ヒ化ホウ素はサーマンも調べてみるまで知りませんでした。
カテゴリ別:実用的な高熱伝導材料
総合ランキングには「高価すぎる」「まだ量産が難しい」材料も含まれます。ここでは、実用的な「金属」と「セラミックス(絶縁材料)」に分けて深掘りします。
4-1. 金属(Metal)部門
熱を伝えやすく、加工もしやすい材料群です。
1位:銀 (Ag) : 429 W/mK
- メリット:金属No.1の熱伝導率と電気伝導率。
- デメリット:高コスト、硫化による変色(マイグレーション)。
- 主な用途:高周波導体、導電・放熱ペースト、接点材料。
2位:銅 (Cu) : 401 W/mK
- メリット:コストと性能のバランスが最も優れています。実用的にはこちらが1位かも。
- デメリット:銀より重く、酸化しやすい。
- 主な用途:ヒートシンク、ヒートパイプ、電子機器の配線、基板。
3位:アルミニウム (Al) : 237 W/mK
- メリット:軽量(銅の約1/3)、安価、加工しやすい。
- デメリット:熱伝導率は銅に劣る。
- 主な用途:大型ヒートシンク、電子機器の筐体(放熱を兼ねる)。
4-2. セラミックス(Ceramics)部門
「電気は通さないが、熱はよく通す」材料群です。特にパワーデバイスの絶縁基板として不可欠です。

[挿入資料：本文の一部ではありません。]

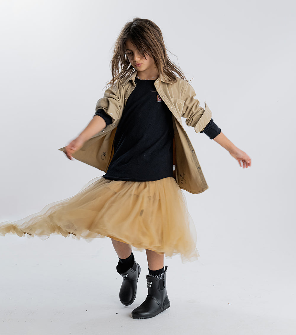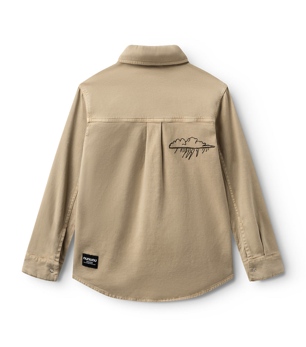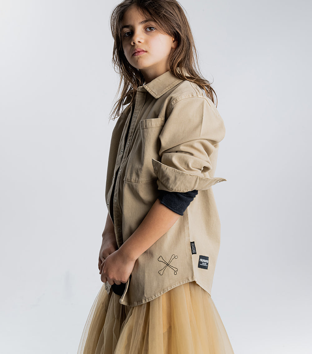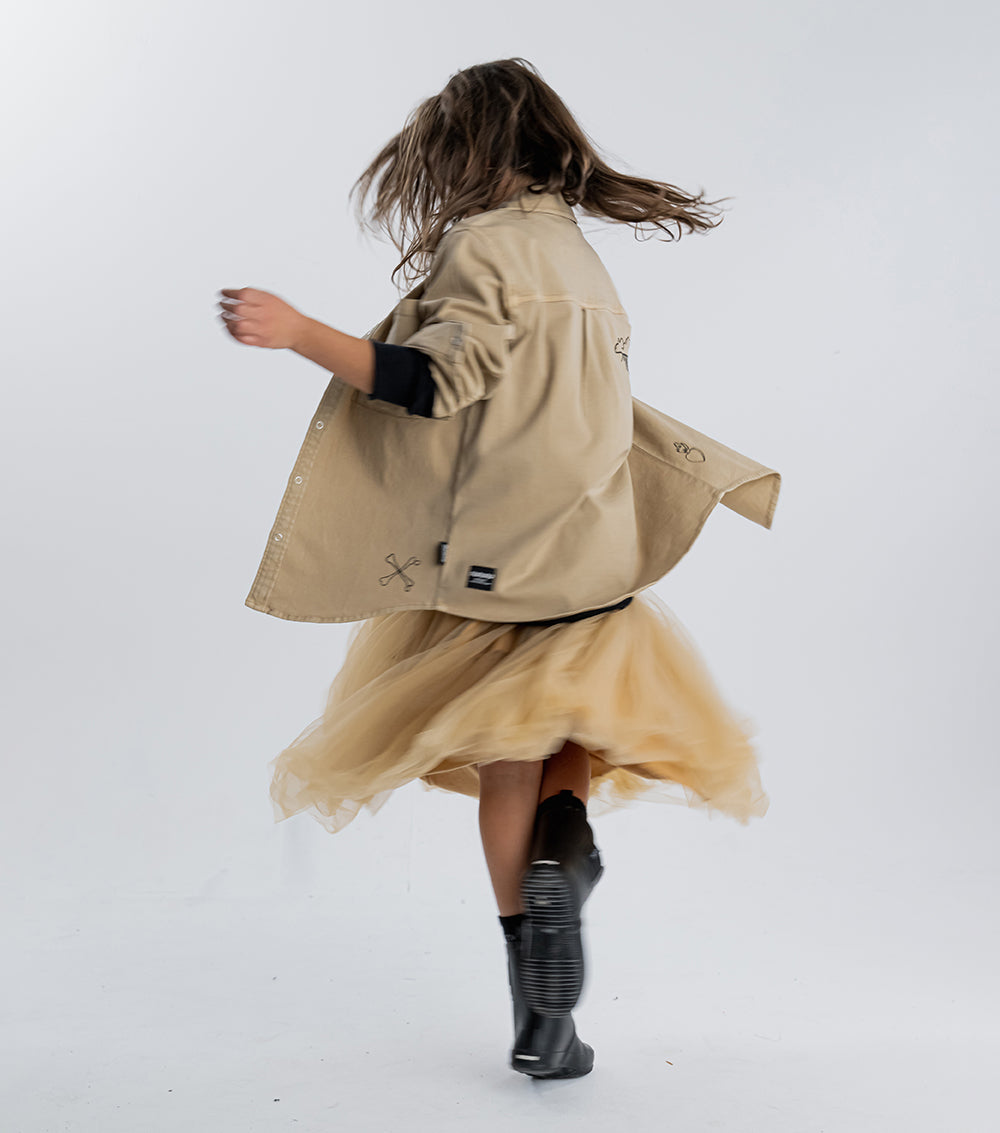 sometimes you just need a piece to throw on over anything and everything and look like an absolute punk. this is the one. it’s a gender-neutral khaki snap shirt but so not basic. it's got all the usual details like snap buttons & cuffs and a collar. to keep it super hard we added black embroidery of the coolest tat classics. crossbones, a flaming heart, a stormy cloud, a shining star, and of course, our favorite word: no! but it gets better. it's got a rounded hem so it wears like a dream and a big old front chest pocket to stick pens in for a smarty pants vibe or hide secret notes about kids taking over the world. whatever they’re feeling that day.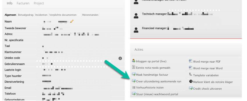 Ga naar de huurderspagina van de huurder en klik op "Creëer uitzondering aankomende run":

1位:窒化アルミニウム (AlN) : 170~280 W/mK
- メリット:高い熱伝導率と高い絶縁性。シリコンと熱膨張係数が近い。
- デメリット:アルミナより高価。
- 主な用途:IGBTなどのパワーモジュール用絶縁基板、LED用基板。
2位:炭化ケイ素 (SiC) : 120~270 W/mK
- メリット:高熱伝導、高硬度、耐熱性。
- デメリット:製造コスト。
- 主な用途:SiCパワー半導体ウェハ、高温用ヒーター、耐摩耗部品。
(比較)アルミナ (Al2O3) : 20~30 W/mK
- 最も一般的で安価なセラミックス基板です。上記2つの材料(AlNやSiC)がいかに高い熱伝導率を持つかが分かります。絶縁耐圧や強度も考えた場合は、ちょっと変わってきますね。
【2025年の視点】注目の新素材と技術動向
"2025年版"として、最新のトピックにも触れておきましょう。
究極の半導体「ヒ化ホウ素 (BAs)」
2018年頃から注目され、近年研究が進む新素材です。半導体(絶縁体に近い)でありながら、ダイヤモンドに次ぐ1300 W/mKという驚異的な熱伝導率を持つことが報告されています。電子(正孔)もフォノンも効率よく動けるためとされ、次世代デバイスの基板材料として期待されています。
ダイヤモンド(CVDダイヤモンド)の実用化
人工的にダイヤモンド膜を生成(CVD法)し、GaNデバイスなどの局所的な高発熱部(ホットスポット)直下に配置する技術が実用化フェーズに入っています。
複合材料(コンポジット)の進化
樹脂(低熱伝導)に、CNT、グラフェン、窒化ホウ素(BN)などの高熱伝導フィラー(充填材)を混ぜ込んだTIM(サーマルインターフェースマテリアル)の高性能化が引き続き進んでいます。
まとめ
今回の内容をまとめます。
- 熱伝導率の「絶対王者」はグラフェンやダイヤモンドといった炭素材料。
- 実用的な金属では「銀」「銅」が、絶縁材料では「窒化アルミニウム(AlN)」が主流。
- 材料選定では、熱伝導率だけでなく、コスト、加工性、絶縁性、熱膨張率などを総合的に比較することが重要。
- 今後は「ヒ化ホウ素」のような新素材や、ダイヤモンドの実用化が熱問題解決の鍵となる可能性が高い。